Information provided:
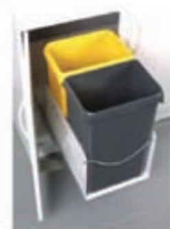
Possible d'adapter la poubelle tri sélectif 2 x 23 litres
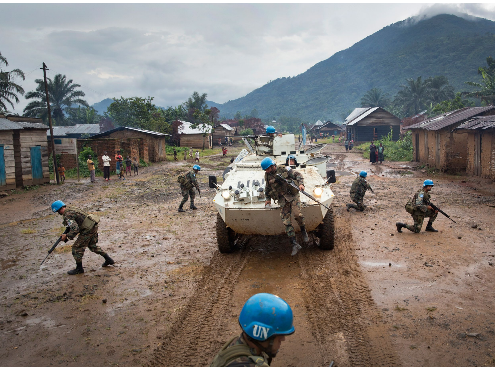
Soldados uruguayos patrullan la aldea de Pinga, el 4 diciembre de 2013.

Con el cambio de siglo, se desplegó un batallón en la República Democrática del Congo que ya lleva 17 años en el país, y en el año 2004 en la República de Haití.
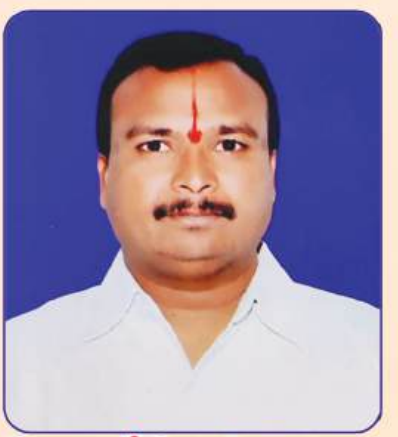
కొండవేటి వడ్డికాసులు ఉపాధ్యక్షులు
---
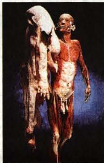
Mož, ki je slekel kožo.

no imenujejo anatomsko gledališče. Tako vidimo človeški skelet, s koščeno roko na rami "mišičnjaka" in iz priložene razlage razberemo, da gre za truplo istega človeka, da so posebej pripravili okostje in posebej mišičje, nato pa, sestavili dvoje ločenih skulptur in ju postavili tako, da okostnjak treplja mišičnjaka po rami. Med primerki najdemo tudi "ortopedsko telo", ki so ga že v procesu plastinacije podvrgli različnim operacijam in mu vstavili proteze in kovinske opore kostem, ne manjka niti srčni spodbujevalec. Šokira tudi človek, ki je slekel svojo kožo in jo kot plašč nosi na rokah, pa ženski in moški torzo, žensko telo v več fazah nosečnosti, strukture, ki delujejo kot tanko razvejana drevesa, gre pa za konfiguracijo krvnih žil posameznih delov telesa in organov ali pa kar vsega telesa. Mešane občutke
...
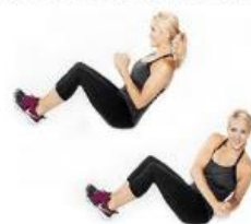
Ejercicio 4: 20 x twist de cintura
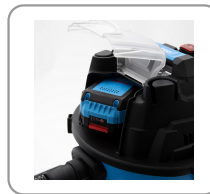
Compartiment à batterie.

Exercise description: Copy everything above from the line holding "Ejercicio 4: 20 x twist de cintura" down to the line holding "Compartiment à batterie.", both ends included, exactly as it stands and without the pictures.

Solution:
Ejercicio 4: 20 x twist de cintura
Compartiment à batterie.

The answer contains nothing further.